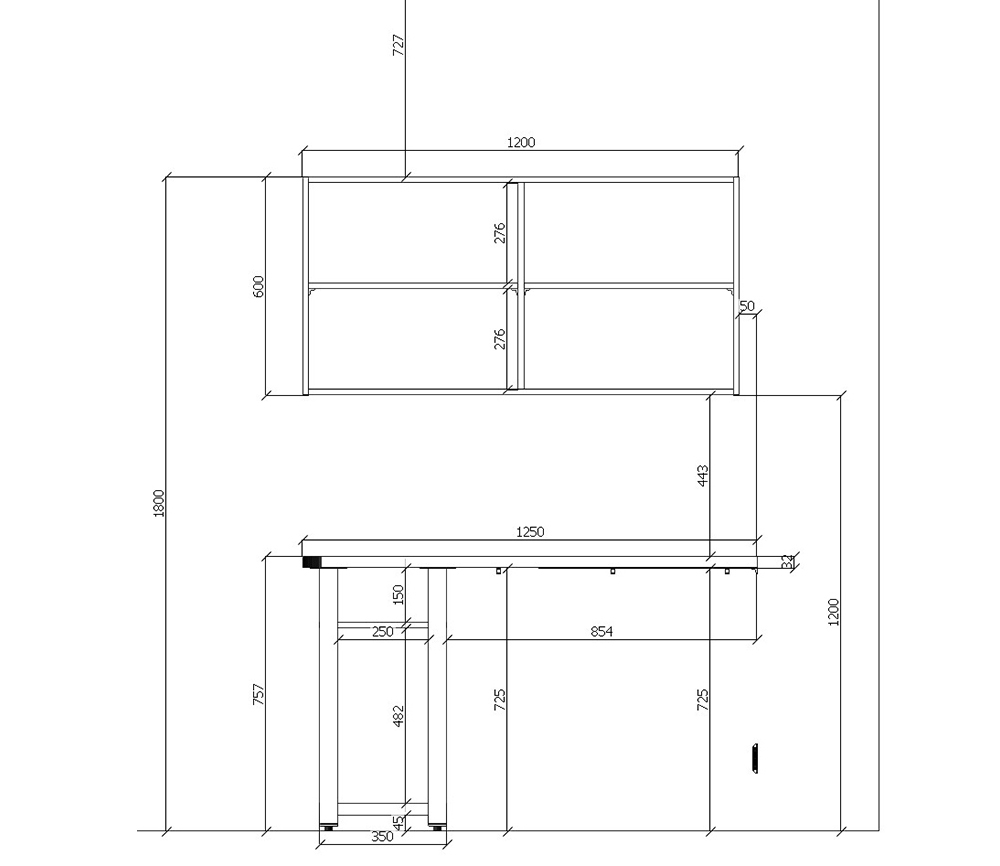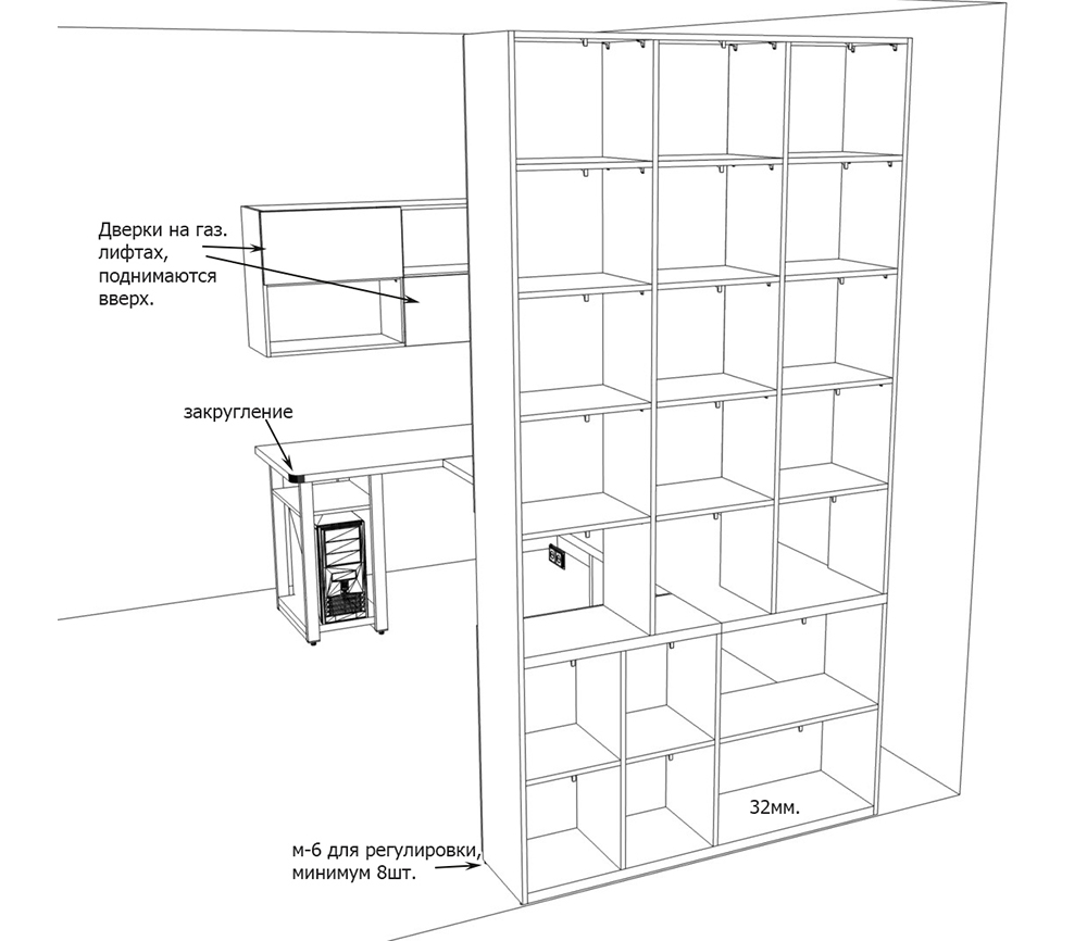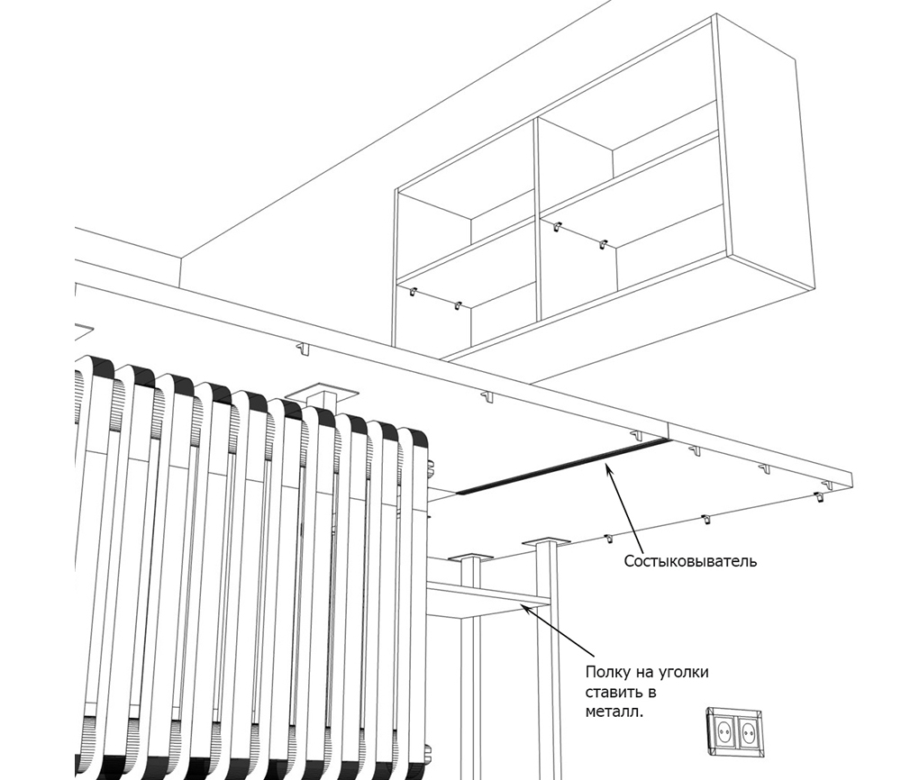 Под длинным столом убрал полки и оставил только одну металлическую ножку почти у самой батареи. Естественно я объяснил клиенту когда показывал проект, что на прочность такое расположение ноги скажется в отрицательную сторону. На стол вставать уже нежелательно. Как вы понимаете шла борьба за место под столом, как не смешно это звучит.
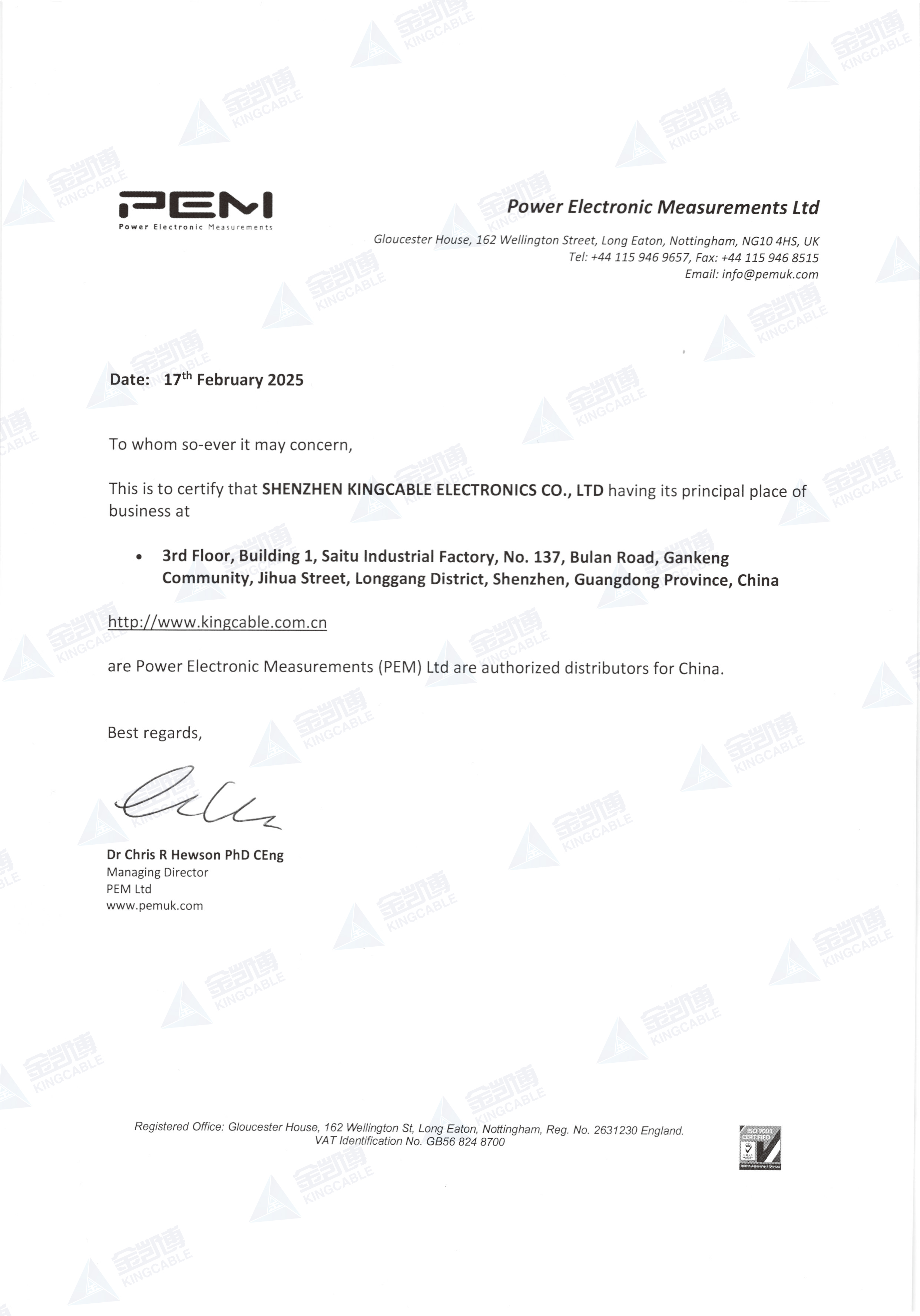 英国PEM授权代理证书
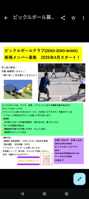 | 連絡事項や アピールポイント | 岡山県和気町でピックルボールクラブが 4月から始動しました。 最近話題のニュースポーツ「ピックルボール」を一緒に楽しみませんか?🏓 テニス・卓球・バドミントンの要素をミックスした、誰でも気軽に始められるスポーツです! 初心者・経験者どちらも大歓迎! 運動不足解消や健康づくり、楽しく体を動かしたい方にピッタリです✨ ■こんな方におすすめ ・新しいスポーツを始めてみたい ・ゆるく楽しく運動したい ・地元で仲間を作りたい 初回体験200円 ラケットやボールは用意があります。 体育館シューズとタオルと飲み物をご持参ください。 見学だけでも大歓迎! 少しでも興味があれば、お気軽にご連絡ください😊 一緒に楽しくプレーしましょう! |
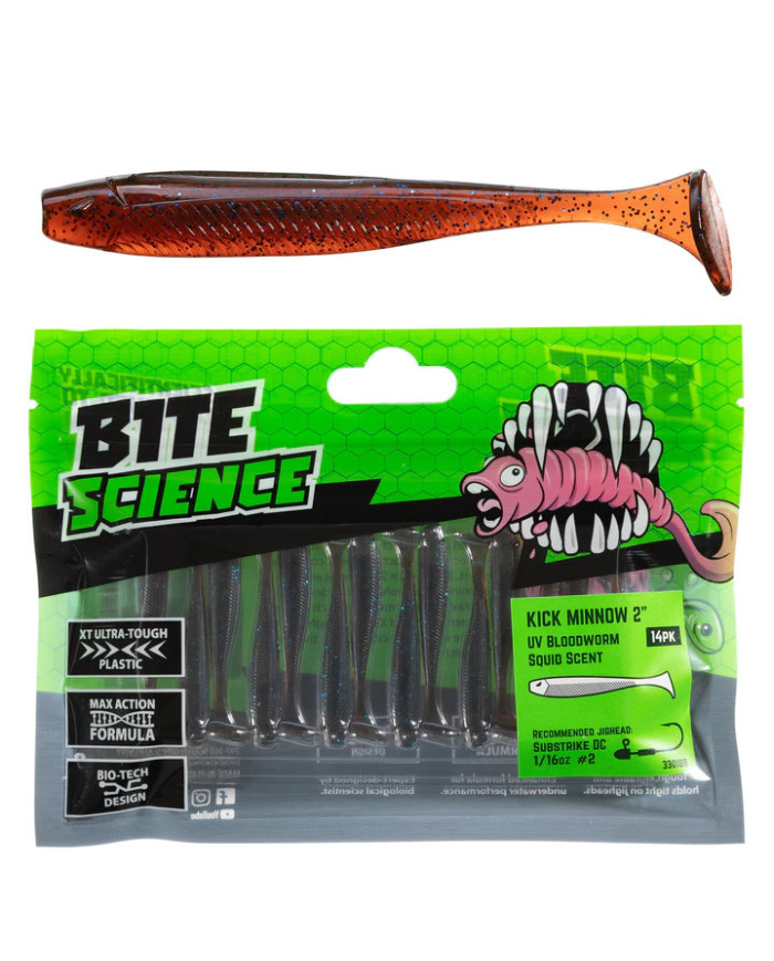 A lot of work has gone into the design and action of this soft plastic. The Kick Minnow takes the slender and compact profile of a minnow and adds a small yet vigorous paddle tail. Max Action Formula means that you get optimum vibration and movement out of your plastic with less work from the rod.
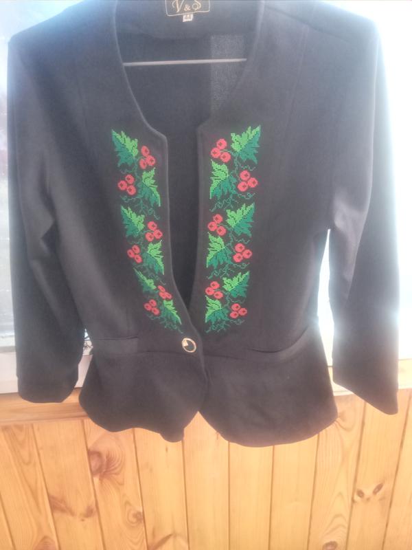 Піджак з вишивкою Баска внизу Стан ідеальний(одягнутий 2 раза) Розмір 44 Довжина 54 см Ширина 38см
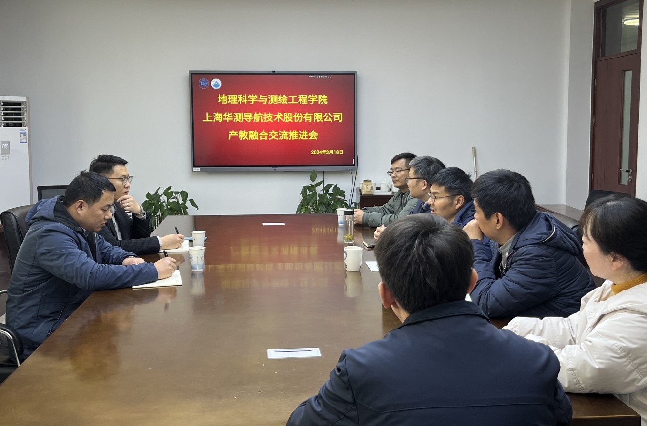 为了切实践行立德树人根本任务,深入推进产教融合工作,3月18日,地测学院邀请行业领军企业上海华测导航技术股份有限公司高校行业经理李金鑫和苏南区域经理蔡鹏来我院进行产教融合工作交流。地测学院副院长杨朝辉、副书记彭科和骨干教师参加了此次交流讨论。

- Aim of the exercise -
What you write should match the entries exactly, except that the pictures are dropped.

- Reply -
 Под длинным столом убрал полки и оставил только одну металлическую ножку почти у самой батареи. Естественно я объяснил клиенту когда показывал проект, что на прочность такое расположение ноги скажется в отрицательную сторону. На стол вставать уже нежелательно. Как вы понимаете шла борьба за место под столом, как не смешно это звучит.
 英国PEM授权代理证书
 | 連絡事項や アピールポイント | 岡山県和気町でピックルボールクラブが 4月から始動しました。 最近話題のニュースポーツ「ピックルボール」を一緒に楽しみませんか?🏓 テニス・卓球・バドミントンの要素をミックスした、誰でも気軽に始められるスポーツです! 初心者・経験者どちらも大歓迎! 運動不足解消や健康づくり、楽しく体を動かしたい方にピッタリです✨ ■こんな方におすすめ ・新しいスポーツを始めてみたい ・ゆるく楽しく運動したい ・地元で仲間を作りたい 初回体験200円 ラケットやボールは用意があります。 体育館シューズとタオルと飲み物をご持参ください。 見学だけでも大歓迎! 少しでも興味があれば、お気軽にご連絡ください😊 一緒に楽しくプレーしましょう! |
 A lot of work has gone into the design and action of this soft plastic. The Kick Minnow takes the slender and compact profile of a minnow and adds a small yet vigorous paddle tail. Max Action Formula means that you get optimum vibration and movement out of your plastic with less work from the rod.
 Піджак з вишивкою Баска внизу Стан ідеальний(одягнутий 2 раза) Розмір 44 Довжина 54 см Ширина 38см
 为了切实践行立德树人根本任务,深入推进产教融合工作,3月18日,地测学院邀请行业领军企业上海华测导航技术股份有限公司高校行业经理李金鑫和苏南区域经理蔡鹏来我院进行产教融合工作交流。地测学院副院长杨朝辉、副书记彭科和骨干教师参加了此次交流讨论。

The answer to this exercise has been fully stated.